Palm oil mirrors Dalian competitors; set to gain third week
The price of palm oil in Malaysia rose for the third week running on Friday, as Dalian vegetable oils grew.
Early trade saw the benchmark contract for palm oil for January delivery at Bursa Derivatives Exchange rise 51 ringgit, or 1.03% to 5,003 Ringgit per metric ton, a rise for a third consecutive session.
This week, the contract has gained 2.7%.
The futures opened with a gap and met resistance above 5,000 Ringgit. It remained supported at this level despite the broader vegetable oil rally, indicating a strong bullish mood, said Darren Lim of Phillip Nova, a Singapore-based commodities brokerage.
Dalian's palm oil contract, which is the most active contract, gained 1.65%. Chicago Board of Trade soyoil prices were down by 0.39%.
As palm oil competes to gain a share of the global vegetable oils industry, it tracks the price changes of competing edible oils.
Palm oil is now more expensive to buyers who hold foreign currencies because the ringgit, the palm oil's currency, has strengthened by 0.5% against U.S. dollars.

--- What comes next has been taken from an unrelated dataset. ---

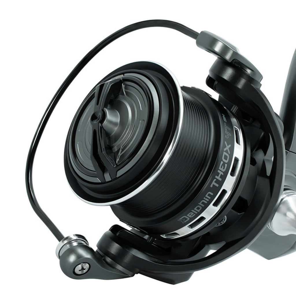 Das elegante dunkle Design mit dezenten silbernen Details macht den Delphin THEOX zu einer Rolle, die zu fast jeder Farbkombination passt. Dank ihrer Zuverlässigkeit und hervorragenden Eigenschaften wird jede Angelsession komfortabler und effizienter.
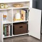 - DUO STORAGE: Features top shelf and bottom cabinet with four compartments - giving you a mix of open and discreet storage.

A Cargill executive said that the demand for palm products in China will drop by 30% compared to a year ago, as high prices have made it less appealing than soyoil. Vegetable oil demand is also stagnant.
Edi Wibowo from the Energy and Mineral Resources Ministry's Directorate of Bioenergy, said at an industry conference that Indonesia is proposing to raise the mandatory blend of palm-oil-based fuel to biodiesel up to 50% by 2028.
Oil prices dropped slightly, as the likelihood of a hurricane affecting U.S. gas and oil production in the Gulf of Mexico decreased. The market also weighed the impact of President-elect Donald Trump’s policies on supply.
Palm oil is less appealing as a biodiesel feedstock due to the weaker crude oil futures.
According to Wang Tao, technical analyst, palm oil could retest the resistance level of 5,023 Ringgit. A break above this mark would open up the path towards 5,076-5.112 Ringgit.